Thursday 19 June 2014

Lake Tahoe: hike to High Camp

My friend Natalie talks about 'falling into your legs', when walking feels like flow in the body and it becomes effortless.

It is a joy to me when I feel this sense of falling into my legs when I am on a path.

It was not to be today though.

I felt like I was fighting my way up the Thunder Mountain Trail to High Camp here in Squaw Valley, my new hikers making my feet talk to me, my body achy, short of breathe at this altitude, the loose scree path making it hard to settle into a rhythm, the scenery scrappy, the 'no see ums' are biting, my heart not into a steep climb…


But, the wildflowers are in bloom, always a pleasure to see.
And the waterfalls are still flowing from the snow melt. 


Even better, a return trip on the tram from High Camp!

Back at the timeshare, I swam, used the spa and sauna and put the walk behind me. 

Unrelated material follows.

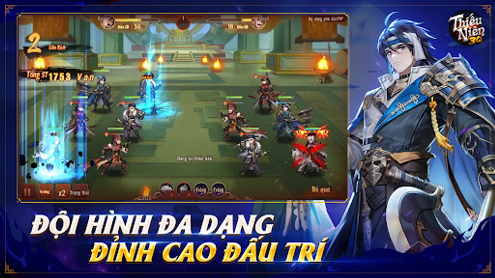 The attraction of the Tam Quoc role-playing strategy game series is even higher in Thieu Nien 3Q. As one of the few general card games that possesses manga anime graphics, combined with the 3Q series of generals built in youthful graphic style: Lu Bo, Trieu Van, Ngoa Long Gia Cat Luong, Quan Vu ... in order to recreate the chaotic scene of the Three Kingdoms period, by coordinating with each other by coordinating, extreme and beautiful skills in TN3Q.

Above the treeline, tough walking.









Mark Twain again:
'and at last the Lake burst upon us -- a noble sheet of blue water lifted six thousand three hundred feet above the level of the sea, and walled in by a rim of snow-clad mountain peaks that towered aloft full three thousand feet higher still! It was a vast oval, and one would have to use up eighty or a hundred good miles in traveling around it. As it lay there with the shadows of the mountains brilliantly photographed upon its still surface I thought it must surely be the fairest picture the whole earth affords.'


View of Lake Tahoe and the Sierra's from High Camp

Top of the world at High Camp, 



Lake Tahoe: Lake Tahoe Dam

The vastness of Lake Tahoe and its beautiful deep, clear blue water make it a very lovely place to be.

We popped into Tahoe City to provision and walked some of the Lakeside Trail and saw some of the different aspects to the lake.


To quote Mark Twain:
 “The water is clearer than the air, and the air is the air that angels breathe.” 


Lake Tahoe beach.
The only outlet from the lake is the Truckee River and the 1909 dam on the Truckee is a gem. It still has a gatekeeper managing the flow of the top 6 feet of Lake Tahoe for downstream use. With the drought here in California the flow is at rim, so just the natural overflow.